Taipei Land Use
- Job: University Project
- Date : April 2018 - June 2018
- Code: https://github.com/GrimReaperSam/TaipeiLandUse
For many growing or developed cities, justice for housing is a serious issue. Unaffordable house prices are a pain for the young generation. Moreover, real estate speculation and urban renewal sometimes worsen the situation. Our project takes Taipei as a case study, trying to discover the city’s land use with the help of satellite imagery and data released by the government.
We collect urban renewal data, and analyze the change of surroundings before and after the renewal such as land price, and environmental factors. We also analyze the relationship between renewed areas and illegal rooftops - the assumption is that these illegal rooftops represent houses for rental.
In the end, we build a platform to allow users to explore the evolution of the city and the land use. The user can understand the advantages and disadvantages a renewal can bring by comparing its surrounding between different years. In the end, we want to have an interactive way to demonstrate the gentrification in the city, showing how it affects people’s everyday lives.

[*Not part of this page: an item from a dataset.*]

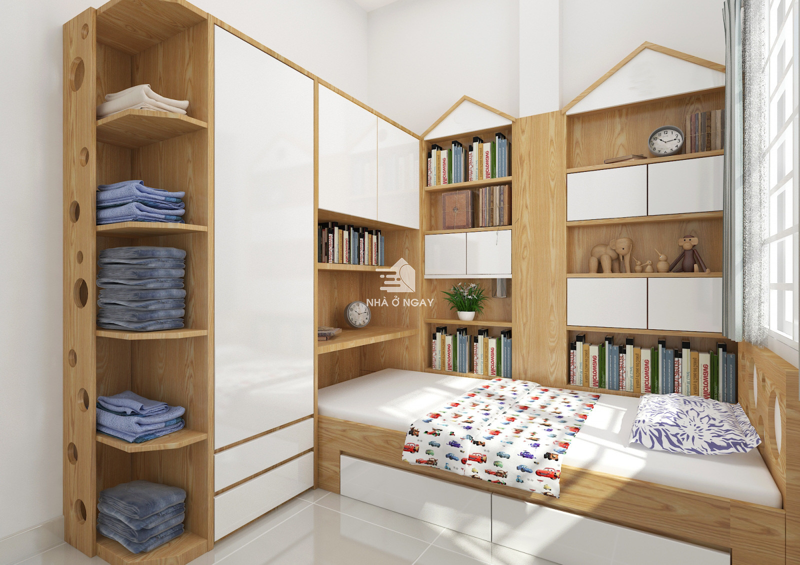 Giường ngủ có ngăn kéo kết hợp tủ quần áo nhằm tận dụng tối đa diện tích sử dụng.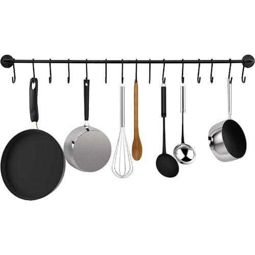 Running out of cabinet space for your pots and pans? Consider hanging them from this rail instead. It’s made from tough iron that can support up to 22 pounds and comes with 15 S-shaped hooks you can use to hang cookware. Or, if your cookware already has a dedicated spot in your kitchen, you can also use it to store utensils.

This project is based on data collection, analysis and usage of historical maps and renewal land information in Taipei. The technical work is split into four parts. Obtaining the historical map models, collecting land renewal data, data analysis using QGIS and user interface with ArcGIS JS API. This data was not localized in one source and as such we had to devise different methods to obtain it.

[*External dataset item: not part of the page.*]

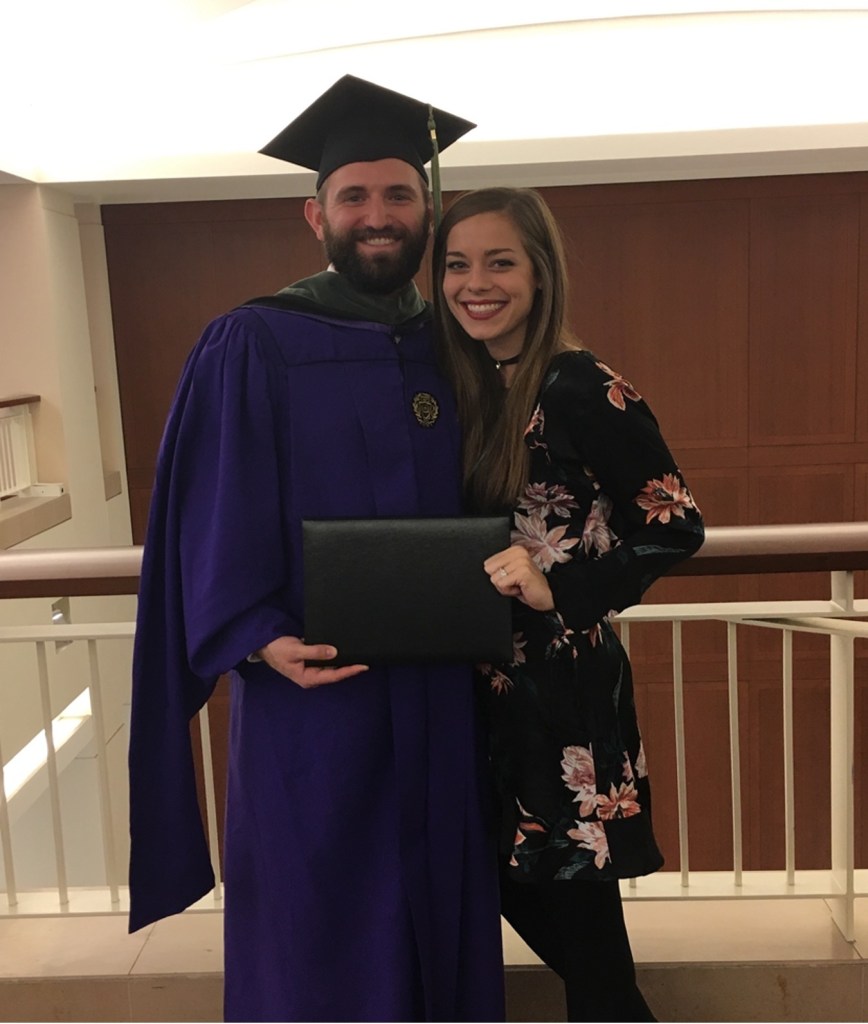 Fast forward to my senior year. I had finished my internship that summer and was applying to OT schools before graduating in spring of 2014. During the winter quarter my father was in an accident and suffered a traumatic brain injury. Our family’s life was turned upside down. My dad did rehab in several places in Shreveport and then in New Orleans at Touro, a brain injury specialty hospital. My professors and close friends from the Kines department helped carry me through this difficult time in my life. When they say “Kines Family” they mean it. I could not have made it without them during those extremely stressful times. By God’s grace and mercy my dad returned home and was even able to attend my graduation in Spring of 2014.

For the illegal rooftops, we obtained one CSV and one PDF file. We were able to easily parse them and collect the coordinates (lat, lon) of every illegal structure in these documents. This resource has no date accompanying it, they are all assumed to predate any other resources we have and have remained until their date of declaration. In total we had 435 illegal structure locations.
The renewal lands information was spread across multiple scanned PDFs. Each renewal area had its own file and they were organized by districts. We chose to limit ourselves to data coming after 2012 since the land numbering system has changed in Taipei. For each PDF we used google’s OCR to obtain the land numbers we are interested in, and reviewed them manually to fix any mistakes. In total we were able to obtain 330 renewal areas. In order to work with these areas, we translated them into GeoJSON using the previously mentioned land number to GeoJSON API.
The land prices were provided for every year since 2013 in CSV format, however they were for all the numbers in Taipei. We only kept the ones relevant to us by checking the correspondence with the numbers from the renewal areas.